▸ **THE TASK**: Among the lines below, the one containing "Nell’articolo del Sole24Ore" opens the range and the one containing "インナーの白を透かして軽やか" closes it. Print that range exactly, without the pictures.

▸ **EXERCISE MATERIAL**:
# # # # # # #

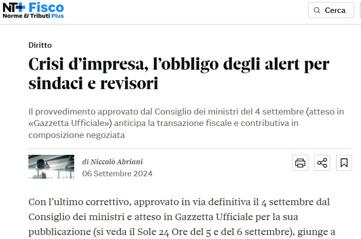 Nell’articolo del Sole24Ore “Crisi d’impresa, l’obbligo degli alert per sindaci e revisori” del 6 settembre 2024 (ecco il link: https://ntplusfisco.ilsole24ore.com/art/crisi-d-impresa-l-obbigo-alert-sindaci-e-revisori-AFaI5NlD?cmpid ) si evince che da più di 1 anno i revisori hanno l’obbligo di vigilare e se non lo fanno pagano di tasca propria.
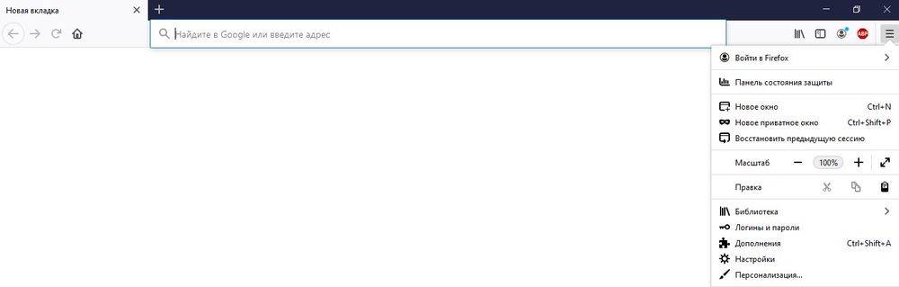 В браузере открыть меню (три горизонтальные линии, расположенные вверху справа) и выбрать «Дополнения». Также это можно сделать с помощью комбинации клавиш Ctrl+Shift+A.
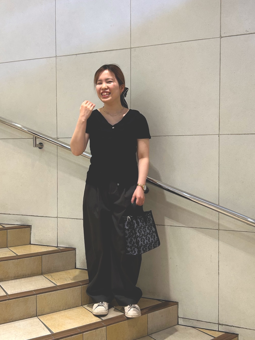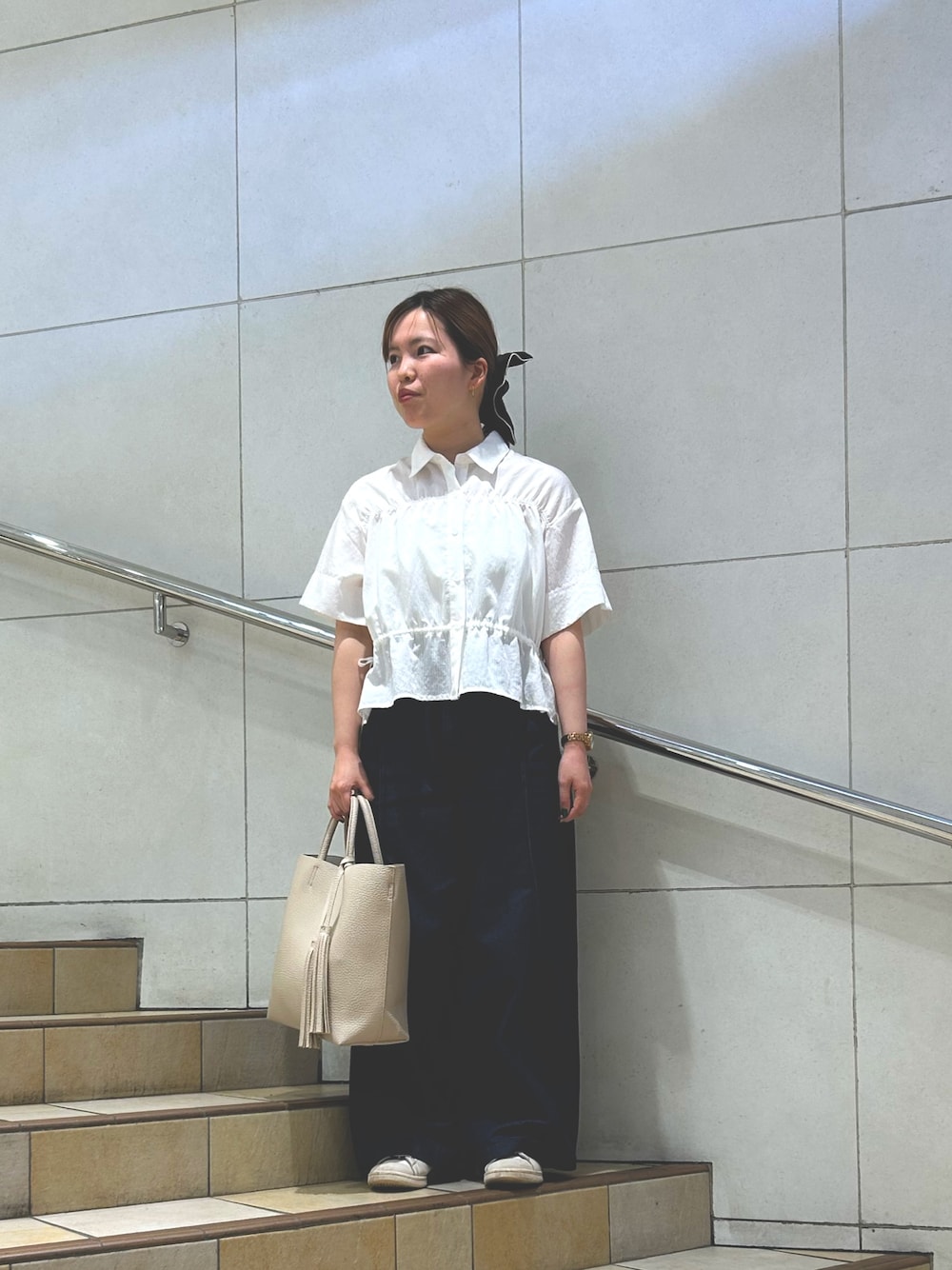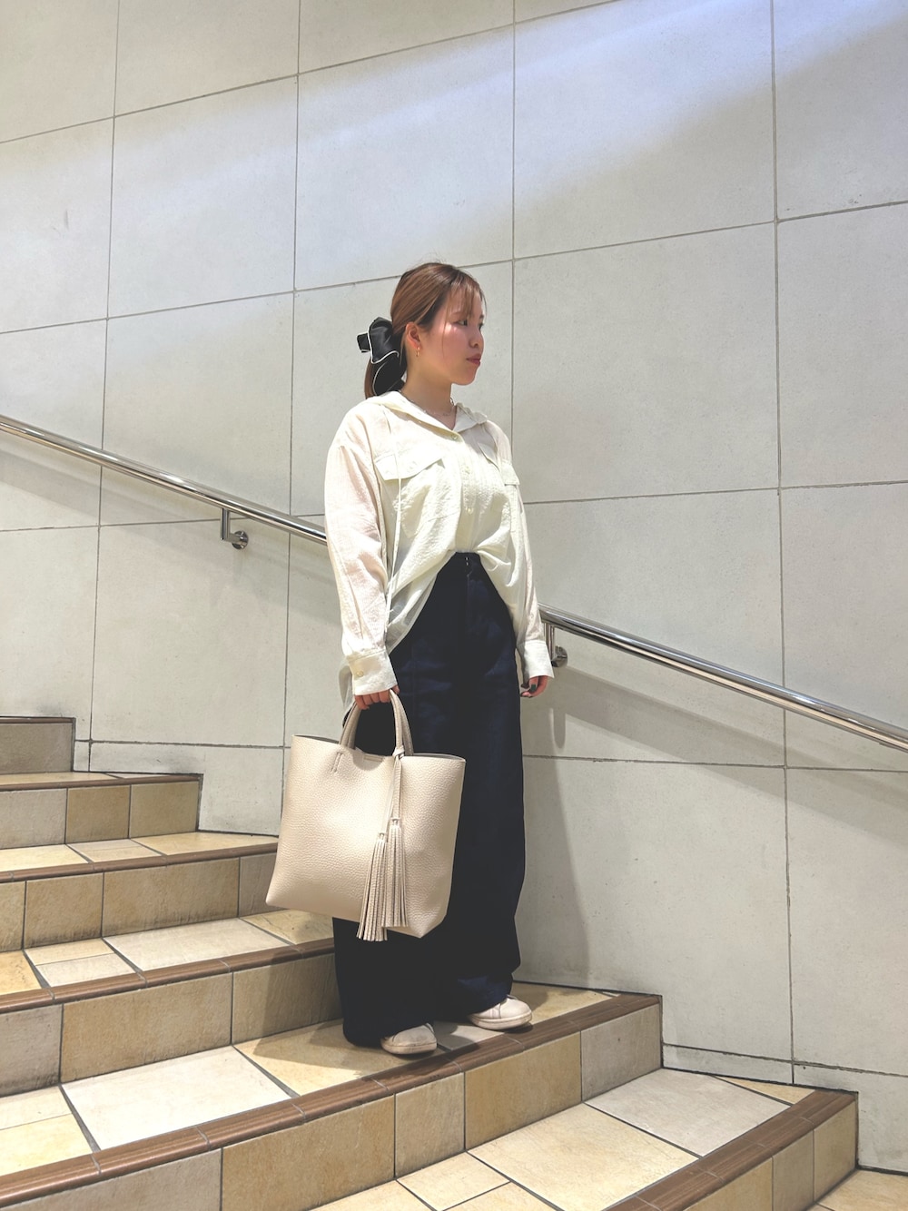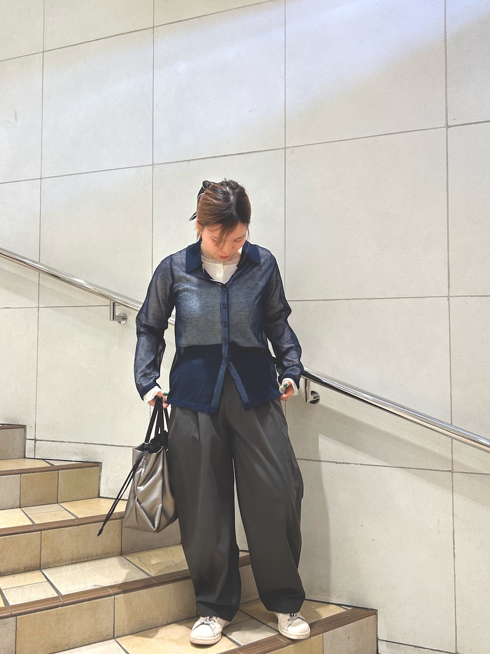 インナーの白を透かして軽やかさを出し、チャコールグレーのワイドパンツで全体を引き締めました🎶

# # # # # # #

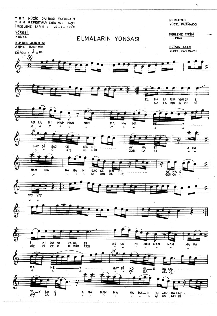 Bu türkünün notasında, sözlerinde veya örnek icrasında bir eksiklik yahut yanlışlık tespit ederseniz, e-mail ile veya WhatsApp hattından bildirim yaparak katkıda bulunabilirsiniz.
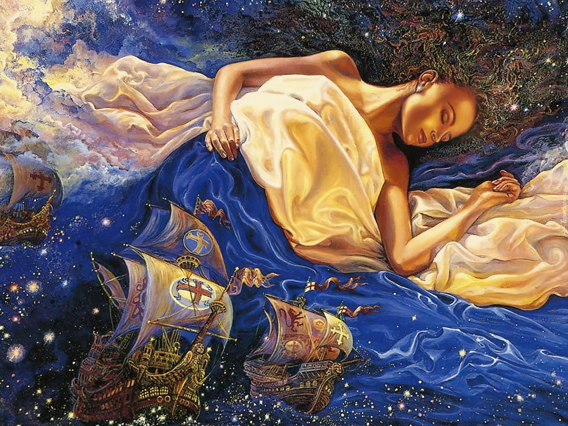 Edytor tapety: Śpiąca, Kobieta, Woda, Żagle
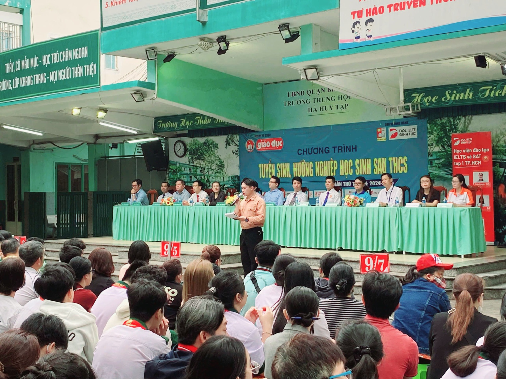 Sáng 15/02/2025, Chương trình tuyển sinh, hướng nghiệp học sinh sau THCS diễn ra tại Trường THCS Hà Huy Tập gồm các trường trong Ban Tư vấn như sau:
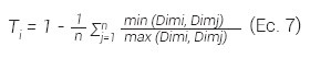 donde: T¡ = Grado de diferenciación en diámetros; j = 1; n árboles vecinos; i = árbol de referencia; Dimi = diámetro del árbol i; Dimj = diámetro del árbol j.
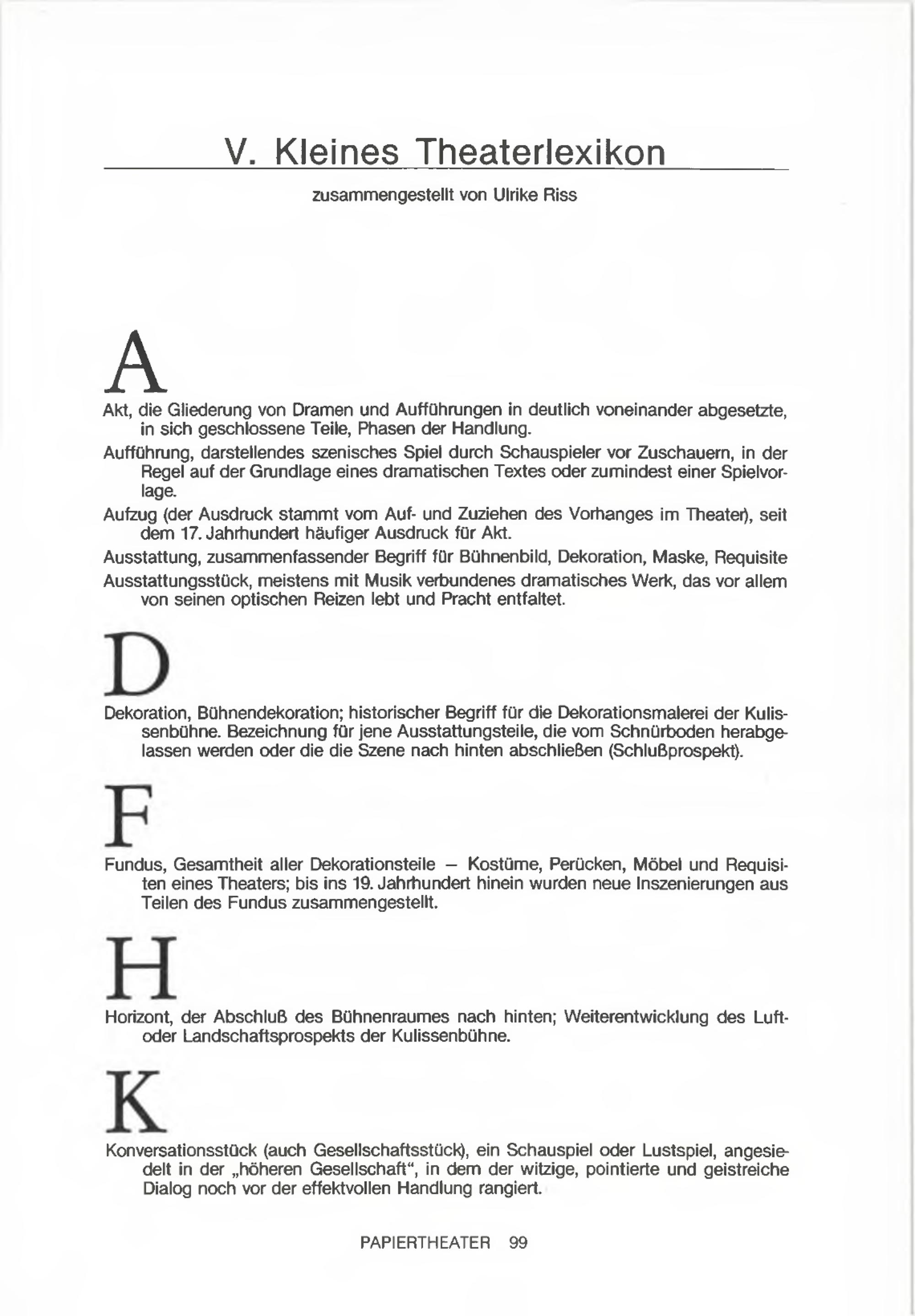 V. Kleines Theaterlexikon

# # # # # # #

▸ **EXPECTED ANSWER**:
 Nell’articolo del Sole24Ore “Crisi d’impresa, l’obbligo degli alert per sindaci e revisori” del 6 settembre 2024 (ecco il link: https://ntplusfisco.ilsole24ore.com/art/crisi-d-impresa-l-obbigo-alert-sindaci-e-revisori-AFaI5NlD?cmpid ) si evince che da più di 1 anno i revisori hanno l’obbligo di vigilare e se non lo fanno pagano di tasca propria.
 В браузере открыть меню (три горизонтальные линии, расположенные вверху справа) и выбрать «Дополнения». Также это можно сделать с помощью комбинации клавиш Ctrl+Shift+A.
 インナーの白を透かして軽やかさを出し、チャコールグレーのワイドパンツで全体を引き締めました🎶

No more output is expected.